=== Begin Enclosure ===
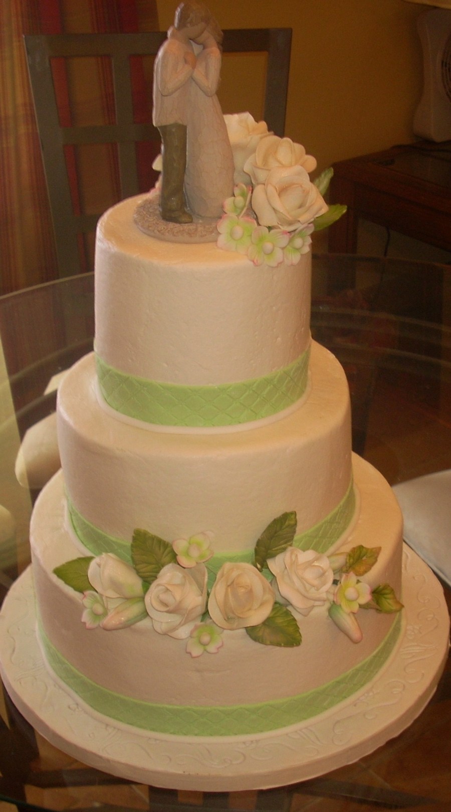 3 tiered wedding cake, with gumpaste roses
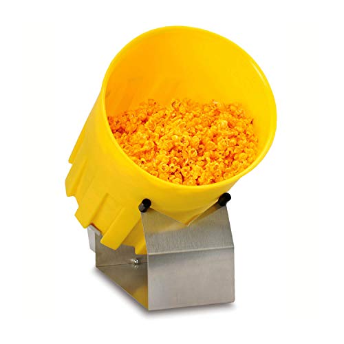 It's perfect for bars, restaurants, and patio hot spots, holding 2.5 gallons of popcorn with the lid off, and 4.5 gallons of savory products with the lid on (to allow tumbling action). It gently tumbles the flavors on the corn, which can then be stored right in the stay-fresh container. Additional tubs are available for storage of multiple flavors. The Mini Tumbler pairs well with the new 15-lb. Cheddar Classic pails (#2403), contact us today for availability. To make cheese corn, simply heat the cheese per the instructions, then pour on the popped corn. Review: I may turn orange from eating too much cheese popcorn! - Because of one review I was a little apprehensive about this item being too small. I shouldn't have worried. This thing is huge. I have a Presto Orville Redenbacher fountain air popper. This tumbler dwarfs one batch of popcorn from my popper. I thought I would have a problem with the rubber bumpers holding up the drum not being rollers but the drum slides over them easily. It is not pretty but it is sturdy and well made. It should last a long time. I only have two problems and they are personal preferences. 1. I have to turn the coconut oil spray upside down to use it. 2. The rocker on/off switch is in the back and is not convenient. I will eventually solve this problem by moving it to the front but for now I have to reach behind and feel for the switch - a little unnerving while the drum is turning. Other than those two problems I love it. --Update-- I found that seasonings will not stick to popcorn unless they have been popped in some type of oil. I tried using coconut oil spray and it did the trick but was a little awkward. The Redenbacher fountain popper turned out to be less than ideal so when it broke down I replaced it with a theater popper from Great northern. Now I am happy as a pig and probably eat way too much cheese popcorn. Still love this tumbler. Review: Impractical - Do you notice the space or (lack thereof) that's left to add cheese/seasonings in the rotating tub. You can,t get your hand and a sprinkler in there. Furthermore, when I was able to get a small thimble inside with a little popcorn I could not see the popcorn turning colors letting me know the seasoning evenly disbursed, The tub is yellow. And forget about that long lost caramel popcorn recipe you always wanted to try. Unless plastic resin is a key ingredient I wouldnt pour anything warmer than slightly melted butter in this tub. Try explaining to your guest why your caramel corn smells and taste like microwaved styrofoam. The motor unit is solidly made as far as motors go. But...what did I really expect for $175 bucks ?
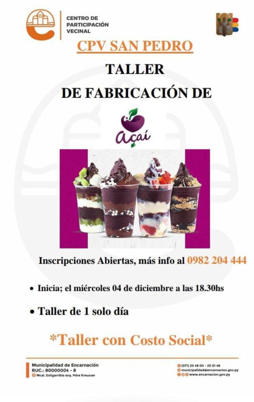 La espera ha terminado. El curso más esperado por todos, "Elaboración de Açai", llega al Centro de Participación Vecinal del Barrio San Pedro de Encarnación.
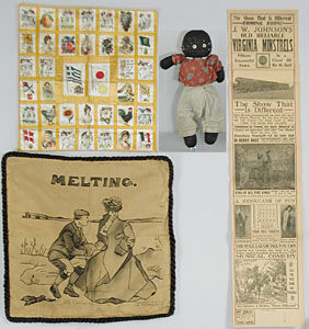 LOT OF FOUR ITEMS. Include a black cloth homemade doll, small quilt throw made from early tobacco cigarette silks with thirty-eight different silks. An old black and white poster for J.W. Johnson’s Virginia Minstrels for 1923 show with “colored people”. Finally, turn of the century pillow case with a Charles Darner Gibson transfer of two skaters sparking. SIZE: Varies. CONDITION: Generally good. 1-26874 (200-400) Auction: Advertising, Toy & Doll - Fall 2001 Please Note: All prices include the hammer price plus the buyer’s premium, which is paid by the buyer as part of the purchase price. The prices noted here after the auction are considered unofficial and do not become official until after the 46th day. |
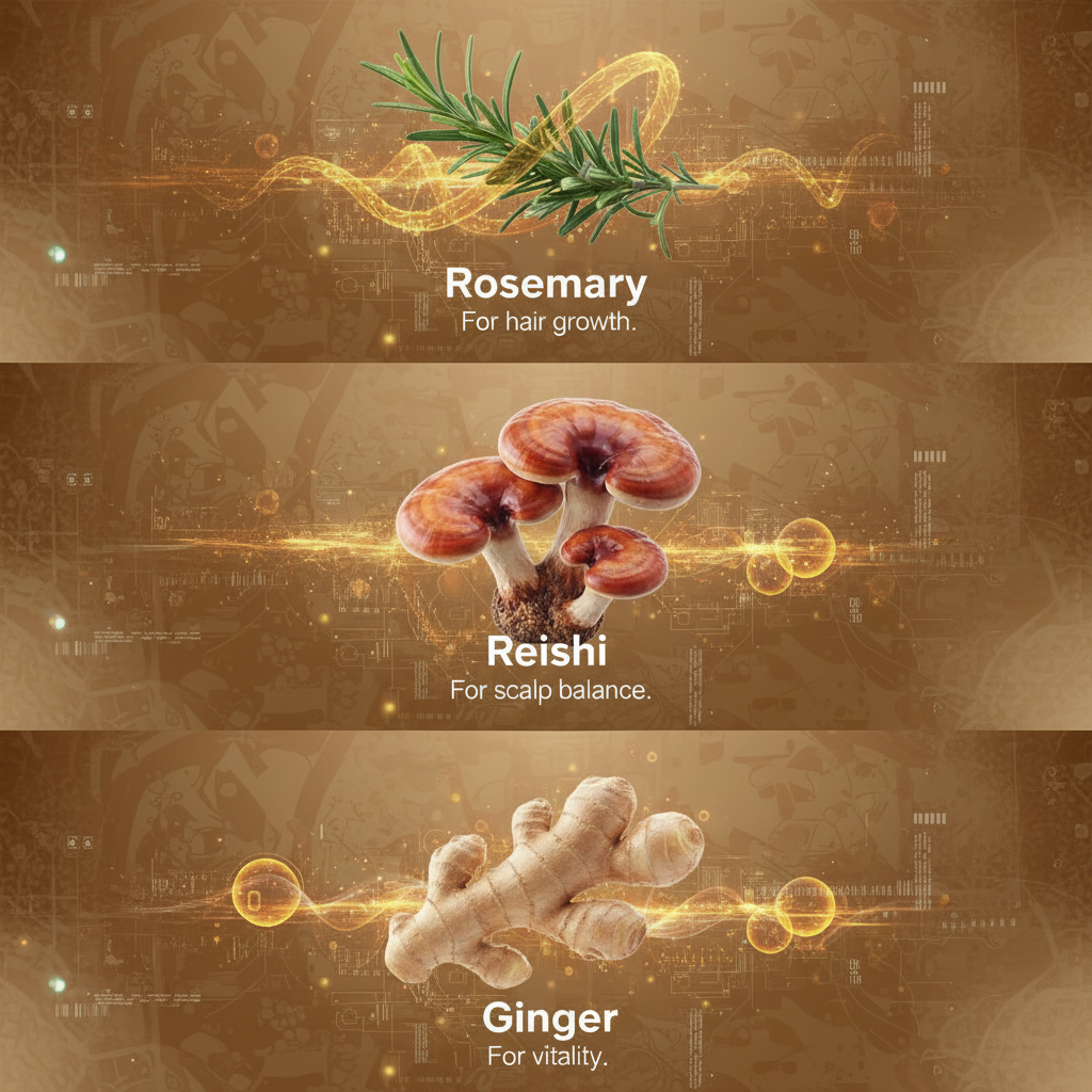 Enriched with Biota orientalis and Vitex trifolia extracts to reduce hair loss, activate follicles, and promote stronger, thicker hair growth.
=== End Enclosure ===
◆ **Task to carry out**
Reproduce all of the entries word for word, skipping any pictures they hold.

◆ **Answer to this exercise**
 3 tiered wedding cake, with gumpaste roses
 It's perfect for bars, restaurants, and patio hot spots, holding 2.5 gallons of popcorn with the lid off, and 4.5 gallons of savory products with the lid on (to allow tumbling action). It gently tumbles the flavors on the corn, which can then be stored right in the stay-fresh container. Additional tubs are available for storage of multiple flavors. The Mini Tumbler pairs well with the new 15-lb. Cheddar Classic pails (#2403), contact us today for availability. To make cheese corn, simply heat the cheese per the instructions, then pour on the popped corn. Review: I may turn orange from eating too much cheese popcorn! - Because of one review I was a little apprehensive about this item being too small. I shouldn't have worried. This thing is huge. I have a Presto Orville Redenbacher fountain air popper. This tumbler dwarfs one batch of popcorn from my popper. I thought I would have a problem with the rubber bumpers holding up the drum not being rollers but the drum slides over them easily. It is not pretty but it is sturdy and well made. It should last a long time. I only have two problems and they are personal preferences. 1. I have to turn the coconut oil spray upside down to use it. 2. The rocker on/off switch is in the back and is not convenient. I will eventually solve this problem by moving it to the front but for now I have to reach behind and feel for the switch - a little unnerving while the drum is turning. Other than those two problems I love it. --Update-- I found that seasonings will not stick to popcorn unless they have been popped in some type of oil. I tried using coconut oil spray and it did the trick but was a little awkward. The Redenbacher fountain popper turned out to be less than ideal so when it broke down I replaced it with a theater popper from Great northern. Now I am happy as a pig and probably eat way too much cheese popcorn. Still love this tumbler. Review: Impractical - Do you notice the space or (lack thereof) that's left to add cheese/seasonings in the rotating tub. You can,t get your hand and a sprinkler in there. Furthermore, when I was able to get a small thimble inside with a little popcorn I could not see the popcorn turning colors letting me know the seasoning evenly disbursed, The tub is yellow. And forget about that long lost caramel popcorn recipe you always wanted to try. Unless plastic resin is a key ingredient I wouldnt pour anything warmer than slightly melted butter in this tub. Try explaining to your guest why your caramel corn smells and taste like microwaved styrofoam. The motor unit is solidly made as far as motors go. But...what did I really expect for $175 bucks ?
 La espera ha terminado. El curso más esperado por todos, "Elaboración de Açai", llega al Centro de Participación Vecinal del Barrio San Pedro de Encarnación.
 LOT OF FOUR ITEMS. Include a black cloth homemade doll, small quilt throw made from early tobacco cigarette silks with thirty-eight different silks. An old black and white poster for J.W. Johnson’s Virginia Minstrels for 1923 show with “colored people”. Finally, turn of the century pillow case with a Charles Darner Gibson transfer of two skaters sparking. SIZE: Varies. CONDITION: Generally good. 1-26874 (200-400) Auction: Advertising, Toy & Doll - Fall 2001 Please Note: All prices include the hammer price plus the buyer’s premium, which is paid by the buyer as part of the purchase price. The prices noted here after the auction are considered unofficial and do not become official until after the 46th day. |
 Enriched with Biota orientalis and Vitex trifolia extracts to reduce hair loss, activate follicles, and promote stronger, thicker hair growth.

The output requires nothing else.